Из дебрей тулупа Тартюхин извлек пару коротких, слегка изогнутых кинжалов. Даже в темноте Шванеке смог разглядеть причудливую резьбу на их рукоятках.
— Ничего штучки. Продаешь? Почем? — усмехнулся Шванеке.
— Ты или я? — спросил Тартюхин.
— Я бы взял, ты мне их со скидкой уступи, — продолжал издеваться Шванеке.
Улыбка Тартюхина застыла:
— Выбирай — все равно какой, оба одинаковы.
Шванеке, сняв варежку, ощупал лезвие. Как бритва, отметил он про себя.
— Ничего…
— Ага, — подтвердил Тартюхин. — И полушубок твой не поможет…
Шванеке, взяв один из кинжалов, прикинул его на вес, подбросил, ловко поймал на лету и тут же проворно отскочил назад.
— Какие полушубки, ты, обезьяна желторожая?
Держа в одной руке автомат, он стал скидывать с себя белый полушубок из бараньей шкуры. Потом, поставив автомат на предохранитель, положил его поверх.
— В аду нам с тобой никакие полушубки уже не понадобятся, так что давай начинай!
Тартюхин раздумывал недолго. Скинув тулуп, он бросил его на снег. Оба противника, дрожа от холода, начали сходиться. На востоке небо уже занялось первым светом нового дня.

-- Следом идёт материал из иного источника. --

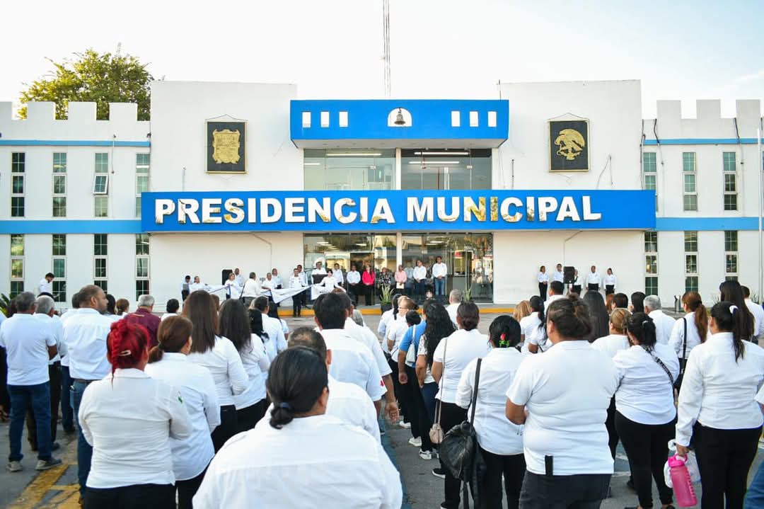 Río Bravo, Tamaulipas.-Con respeto y orgullo, autoridades municipales dieron inicio a la semana con los Honores a la Bandera en la Presidencia Municipal.

— Ну давай, выродок, чего ждешь? — прошипел Шванеке.
Сделав нырок, он чуть вытянул вперед руку с ножом.
Тартюхин пружинисто присел. Лезвие кинжала матово блеснуло в темноте.
Противники выжидали. Внезапно Тартюхин, испустив не то вздох, не то боевой клич, ткнул кинжалом в сторону Шванеке. Тот молниеносно увернулся и в ту же секунду заехал коленом в живот Тартюхину. Азиат взвыл, как подстреленный волк. Согнувшись, он не отрывал взгляда от своего противника. Шванеке, изловчившись, попытался нанести удар рукояткой кинжала по метавшейся перед ним словно призрак в кошмарном сне мерзкой, узкоглазой морде, но Тартюхин успел увернуться. Резкий поворот кругом, и Шванеке летит по инерции мимо него. Обжигающая боль пронзила правое бедро немца, и тут же он почувствовал, как по ноге побежала липкая, отвратительно-теплая струйка.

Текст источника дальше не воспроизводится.